▸ Work to complete
For the entries below, copy exactly the line that contains "- FUN POOL GAME: Toss" through the line that contains "Mit SEPROO planen", both ends included, and exclude all pictures.

▸ Records supplied
● ● ●
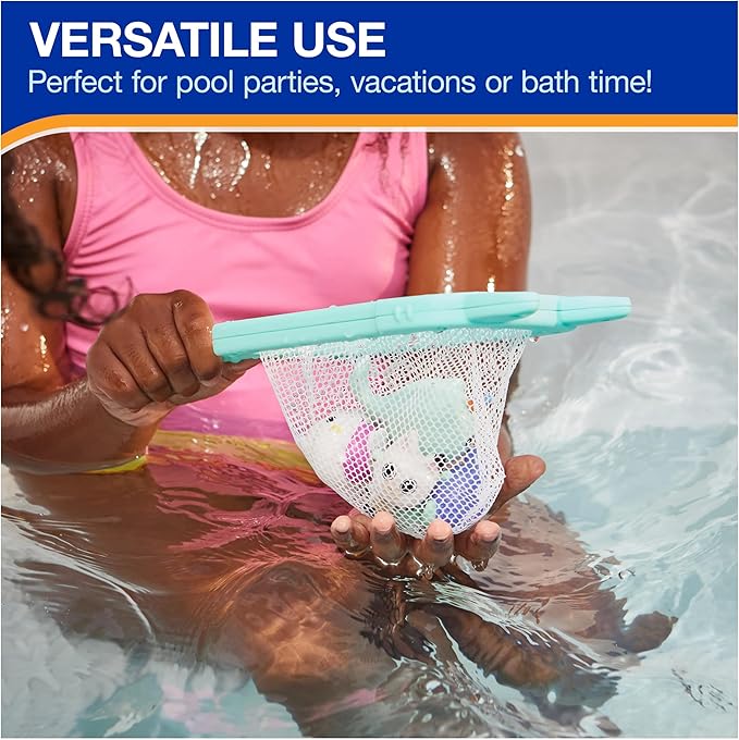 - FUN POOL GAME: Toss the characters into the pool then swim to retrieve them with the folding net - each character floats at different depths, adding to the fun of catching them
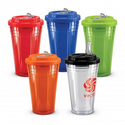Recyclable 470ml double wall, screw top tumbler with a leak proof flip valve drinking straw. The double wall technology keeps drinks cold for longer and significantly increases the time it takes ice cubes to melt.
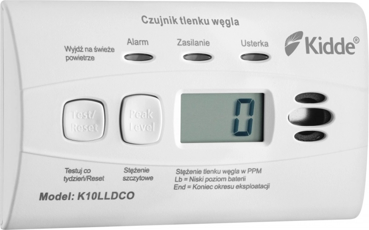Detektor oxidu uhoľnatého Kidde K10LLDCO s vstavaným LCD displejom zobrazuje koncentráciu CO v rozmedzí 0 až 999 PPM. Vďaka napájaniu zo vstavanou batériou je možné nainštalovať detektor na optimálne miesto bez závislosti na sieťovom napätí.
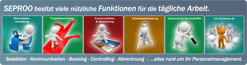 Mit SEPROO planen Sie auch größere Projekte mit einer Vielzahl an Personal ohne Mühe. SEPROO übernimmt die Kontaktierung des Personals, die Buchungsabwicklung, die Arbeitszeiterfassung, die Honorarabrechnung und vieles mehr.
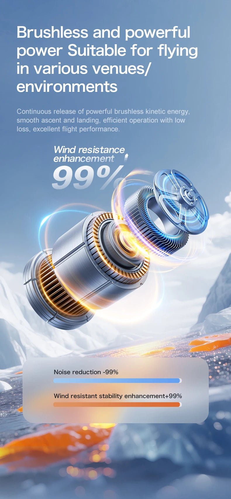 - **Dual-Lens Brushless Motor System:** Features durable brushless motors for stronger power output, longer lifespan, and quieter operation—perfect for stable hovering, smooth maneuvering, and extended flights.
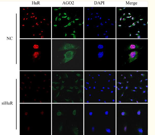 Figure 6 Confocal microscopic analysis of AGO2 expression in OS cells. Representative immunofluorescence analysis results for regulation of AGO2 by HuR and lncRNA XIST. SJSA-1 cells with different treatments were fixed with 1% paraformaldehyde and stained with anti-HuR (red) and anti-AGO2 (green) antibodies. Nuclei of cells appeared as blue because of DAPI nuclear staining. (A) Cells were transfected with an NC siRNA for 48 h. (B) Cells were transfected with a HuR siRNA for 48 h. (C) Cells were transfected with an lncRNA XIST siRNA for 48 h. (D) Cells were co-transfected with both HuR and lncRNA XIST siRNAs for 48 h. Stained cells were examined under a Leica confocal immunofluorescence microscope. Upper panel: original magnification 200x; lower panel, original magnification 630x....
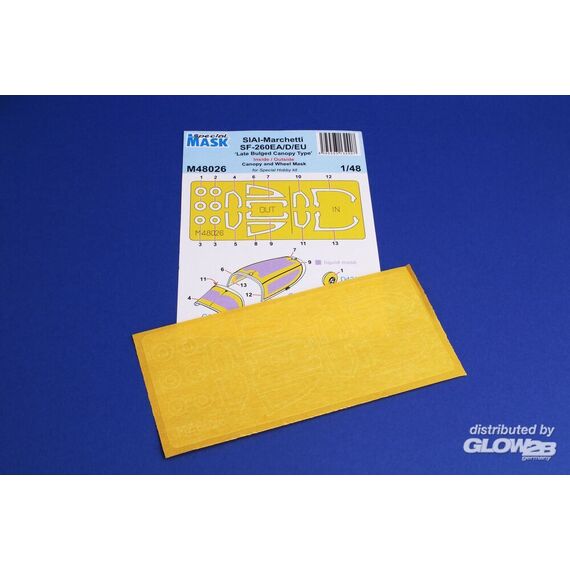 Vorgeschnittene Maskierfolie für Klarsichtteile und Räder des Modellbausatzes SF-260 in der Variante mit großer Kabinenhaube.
● ● ●
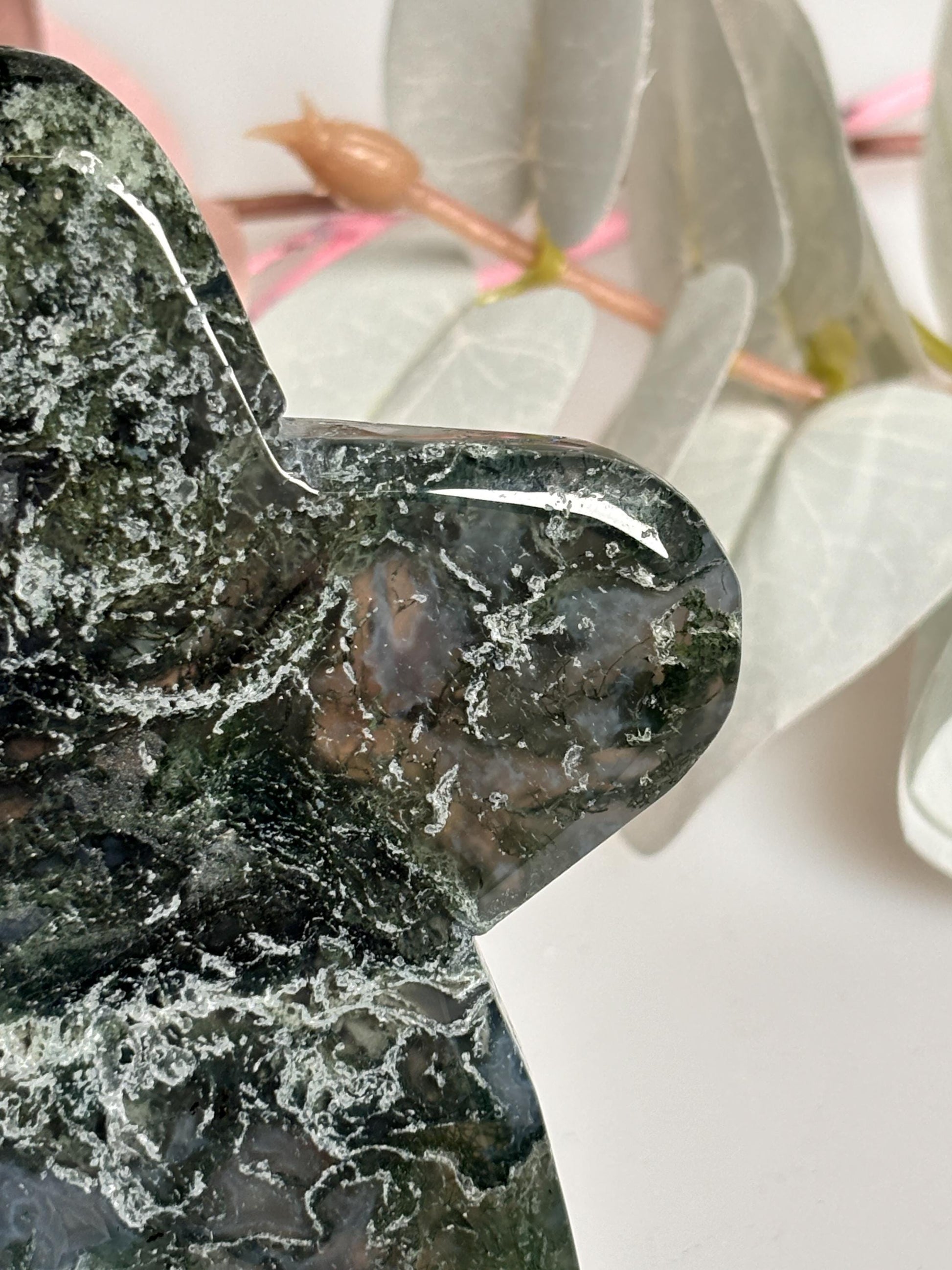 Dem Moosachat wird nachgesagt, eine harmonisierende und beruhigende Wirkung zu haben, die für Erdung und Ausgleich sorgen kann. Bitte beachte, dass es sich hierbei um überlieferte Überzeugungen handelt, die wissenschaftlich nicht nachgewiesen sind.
● ● ●
▸ Final answer
 - FUN POOL GAME: Toss the characters into the pool then swim to retrieve them with the folding net - each character floats at different depths, adding to the fun of catching them
Recyclable 470ml double wall, screw top tumbler with a leak proof flip valve drinking straw. The double wall technology keeps drinks cold for longer and significantly increases the time it takes ice cubes to melt.
Detektor oxidu uhoľnatého Kidde K10LLDCO s vstavaným LCD displejom zobrazuje koncentráciu CO v rozmedzí 0 až 999 PPM. Vďaka napájaniu zo vstavanou batériou je možné nainštalovať detektor na optimálne miesto bez závislosti na sieťovom napätí.
 Mit SEPROO planen Sie auch größere Projekte mit einer Vielzahl an Personal ohne Mühe. SEPROO übernimmt die Kontaktierung des Personals, die Buchungsabwicklung, die Arbeitszeiterfassung, die Honorarabrechnung und vieles mehr.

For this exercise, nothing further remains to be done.